Il leur dit ceci: "Ne touchez pas aux Juifs, ils sont la chair et les os du Seigneur." Il ne s'agit
pas dire qu'ils ont raison, ils ont tort à ses yeux profondément de ne pas reconnaître que Jésus
est le Christ, mais ils sont de façon charnelle le peuple d'où vient Jésus et ils méritent donc
d’avoir le droit de vivre. Cela lui vaut la reconnaissance de certains auteurs, notamment un
certain Ephraïm de Bonn, dont on aura l'occasion de reparler et qui rend hommage à Bernard
de Clairvaux pour cette prise de position assez courageuse, hostile aux violences contre les
communautés juives d'Occident lors de la deuxième croisade.
Si j'évoquais l'ambivalence de Bernard à l'égard du peuple juif, c'est parce que par ailleurs il a
pu lui arriver de ne pas statuer en faveur des Juifs: en particulier lors d'une polémique qui
divisa l'Occident brièvement à propos d'un pape dont certains disaient qu'il avait des origines
juives qui le rendaient inapte à la fonction de pape et d'autres disaient que non. Finalement ses
opposants ont gagné: on l'appelle aujourd'hui antipape cet homme. Or, cet homme, Anaclet II,
fut disqualifié par Bernard de Clairvaux qui évoqua ses origines juives en disant que cela
le disqualifiait parfaitement pour monter sur le trône de Saint-Pierre. Voilà une position assez
étrange: le même homme qui avait défendu les Juifs lors de la deuxième croisade et rappelé
qu'il ne fallait pas les convertir autrement que par la bonté, l'amour, la prière, la parole, ce
même homme critiquait ainsi un antipape pour des raisons évidemment d'hostilité profonde à
ce peuple. Toutefois pour ce qui est la deuxième croisade, les persécutions ont été
relativement contenues, notamment grâce à Bernard de Clairvaux, mais pas complètement.

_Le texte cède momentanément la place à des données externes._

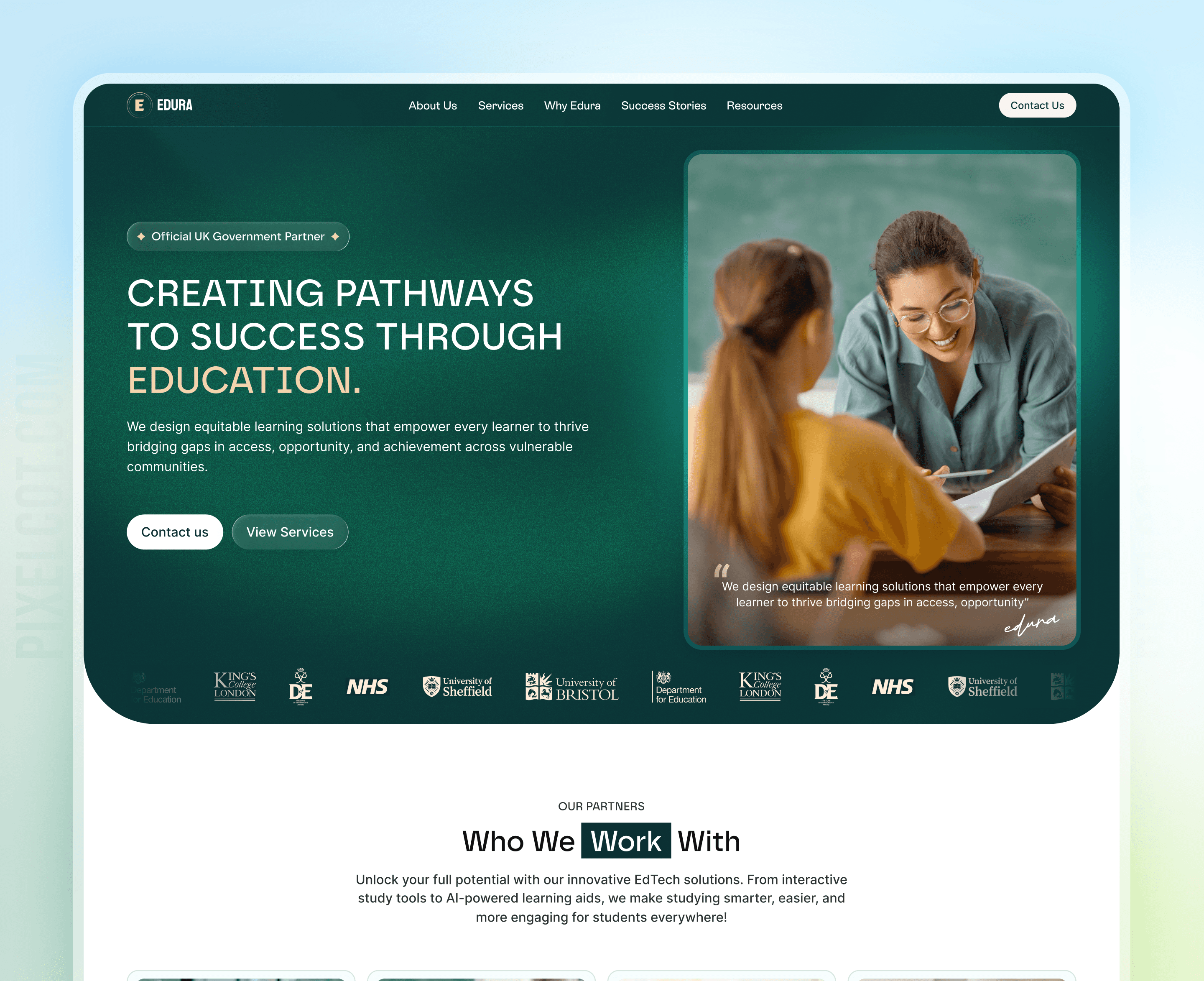 Edura is a modern EdTech platform dedicated to helping learners access high-quality online courses, skill tracks, and certifications. The goal was to build a website that educates, inspires, and converts guiding visitors from curiosity to enrolment with clarity and confidence.

La troisième croisade, une quarantaine d'années plus tard en 1188, occasionne de nouveau des
violences contre les Juifs. Les Juifs d'Angleterre, une communauté assez jeune, assez peu
nombreuse, font l'objet de quelques violences à la fin du XIIème siècle. Les Juifs du monde
germanique encore et toujours et de diverses parties donc de l'Occident. Bref, il y a des
persécutions postérieures.
L’enluminure ci-dessous, terriblement violente représente des Juifs tués par des croisés ou par
des chevaliers chrétiens, ce n'est pas très clair. Il est clair en outre que ces chevaliers
semblent même coiffés de couronnes, donc une image dont l'élucidation n'est pas très claire,
mais qui est visiblement celle d'un massacre par des hommes armés d'épées démesurées, de
Juifs reconnaissables à leur barbe et à leur chapeau.